(Records excerpted from a collection)
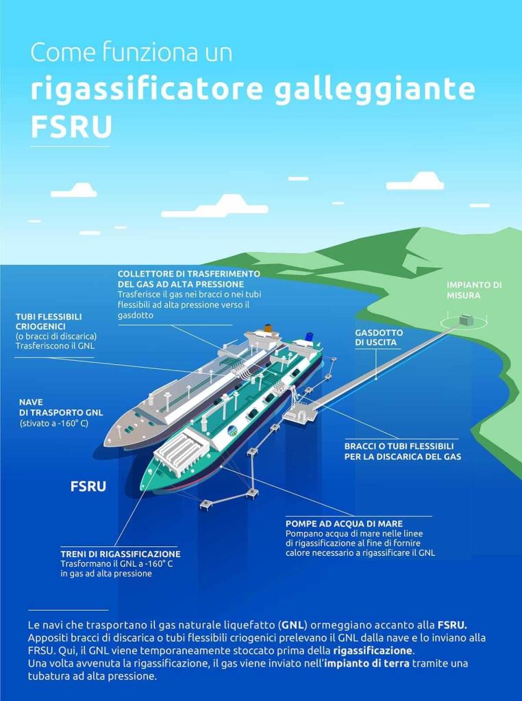 Per quanto riguarda i rigassificatori, e in generale i progetti energetici, in Italia sono sempre “variabili” trovando molta opposizione da parte della popolazione nel momento in cui devono essere collocati sul territorio. Gli impianti funzionanti sono tre,  La Spezia, Livorno e Rovigo. Ne sono poi previsti due di terra e due su nave. Quelli di terra sono Porto Empedocle (Agrigento, Sicilia), per il completamento del quale i finanziamenti sono stati sbloccati ad aprile 2022 e Gioia Tauro, e due galleggianti, con due navi da posizionarsi a Ravenna e Piombino, dove c’è grande opposizione perché la nave dovrebbe essere posizionata in porto.
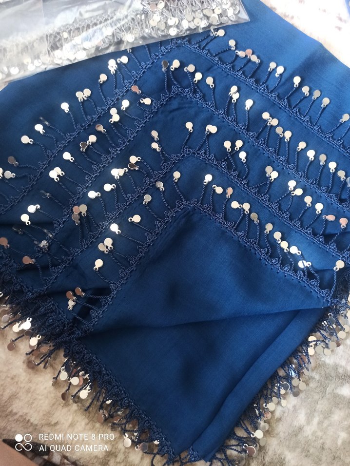 Tamamen el yapımı, tığ işi ve pullarla süslenmiş özel yazma. Hem zarif hem gösterişli duruşuyla her stile uyum sağlar. Tek tek özenle hazırlanmıştır. Sipariş için mesaj atınız.
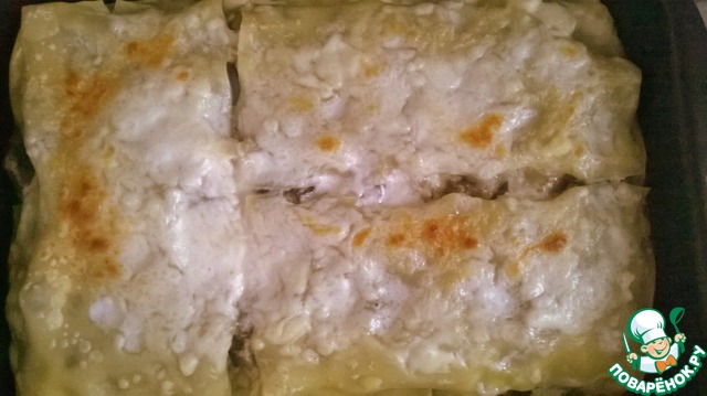 Завершающим слоем будут листы лазаньи политые соусом и присыпанные сыром. Накрываем форму фольгой и отправляем в холодильник "на пропитку", в моем случае до следующего дня.
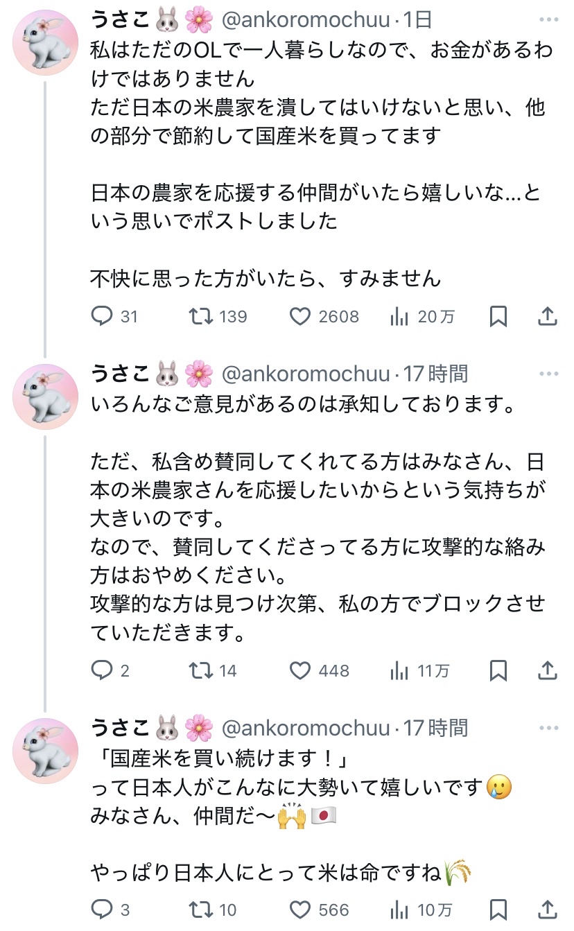 農家を応援って言っても限度があるし今の価格に対して農家は相応には儲かってないでしょ他は儲けてるみたいだけど
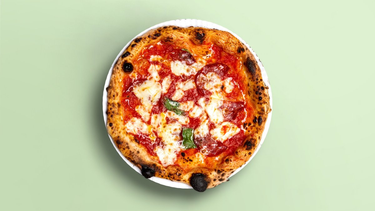 extra scharfe Margherita mit scharfer Salami und Nduja, passierten Tomaten, Fior di Latte Mozzarella und Basilikum
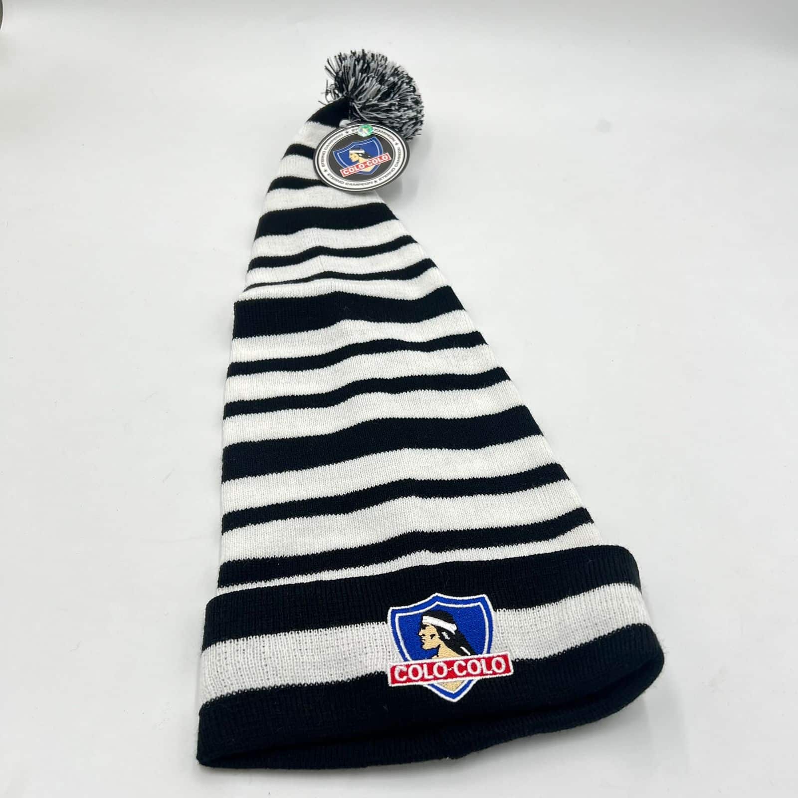 Luce las franjas clásicas del Cacique y mantén la cabeza abrigada. Tejido acrílico en negro-blanco, diseño largo tipo “duende” con pompón bicolor y escudo bordado al frente.
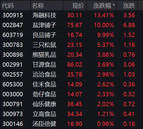 食品股震蕩拉升,鹽津鋪子(002847)、良品鋪子(603719)漲停,三只松鼠(300783)、熊貓乳品(300898)、甘源食品(002991)等跟漲。
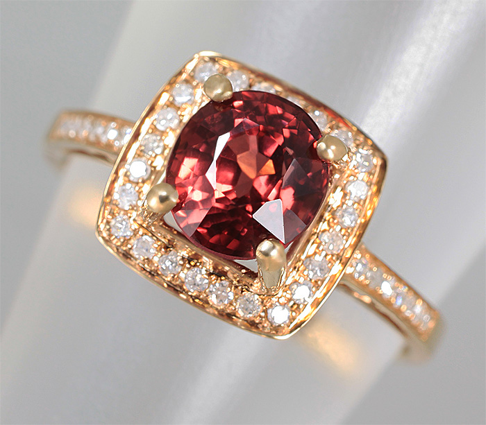 Вашему вниманию предлагается кольцо из золота 14 карат (583 проба) с красивейшей бирманской шпинелью и 38 бриллиантами массой 0,16 карат! Диаметр бриллиантов 1 мм. Площадка 20 х 10 мм, высота 8 мм. Вес изделия 2,5 г. Размер 18. Ниже приводятся ювелирные характеристики шпинели.
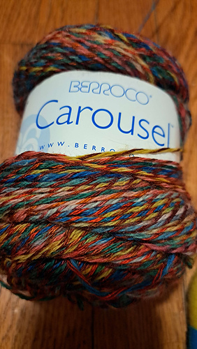 A lightweight and colorful yarn with yardage that goes on and on, Carousel features color flowing all through the plies giving off an overall balanced look. It works up beautifully in bold textures like entrelac and big crochet motifs. It has 4 plies with a uniform, slight halo texture.
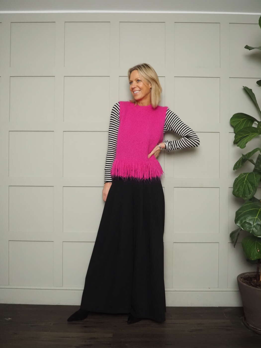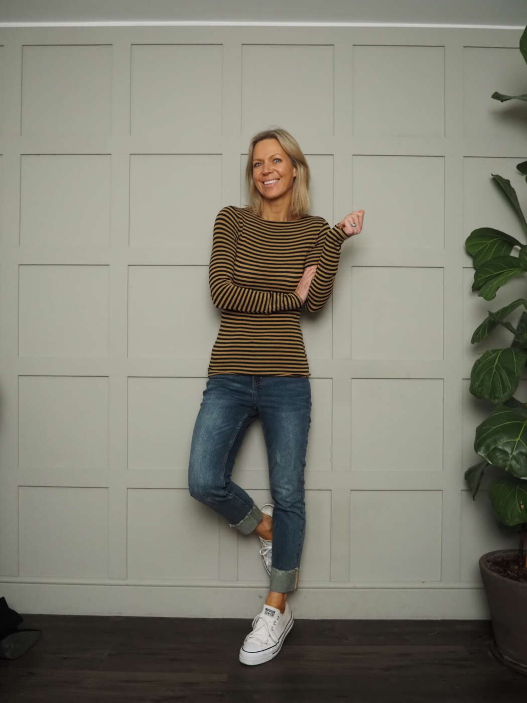 Gorgeous long sleeved layering piece – this is a super soft, striped, fine knit top.
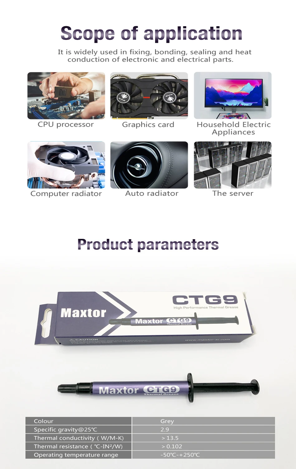 Comprar Pasta de grasa térmica Maxtor CTG9, compuesto de silicona de 13,5 W/mk para CPU, procesador de disipador de calor, refrigeración GPU, yeso disipador de calor conductor
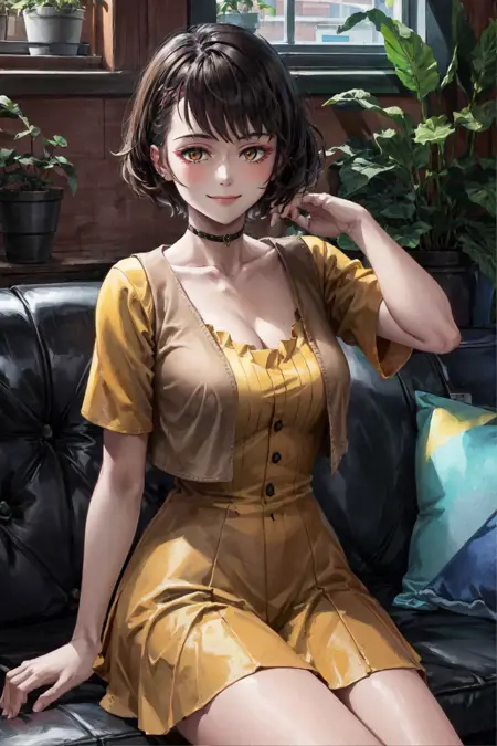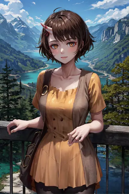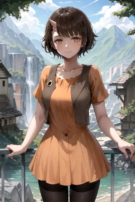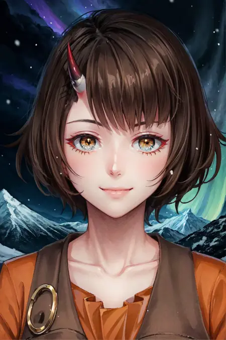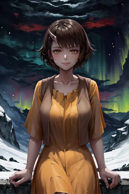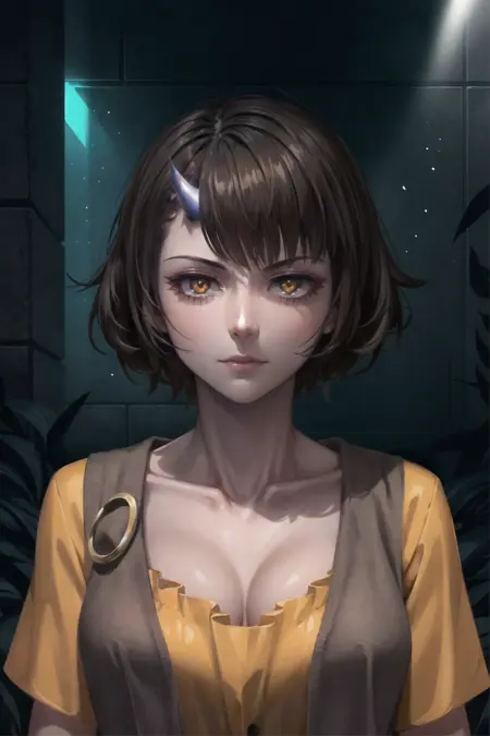 옵션: 단일 뿔, 짧은 드레스, 커팅된 베스트, 이빨, 오렌지색 눈

The task = With the pictures left out, copy exactly the lines from the one containing "Gorgeous long sleeved" through the last line of the data.

Written answer =
 Gorgeous long sleeved layering piece – this is a super soft, striped, fine knit top.
 Comprar Pasta de grasa térmica Maxtor CTG9, compuesto de silicona de 13,5 W/mk para CPU, procesador de disipador de calor, refrigeración GPU, yeso disipador de calor conductor
 옵션: 단일 뿔, 짧은 드레스, 커팅된 베스트, 이빨, 오렌지색 눈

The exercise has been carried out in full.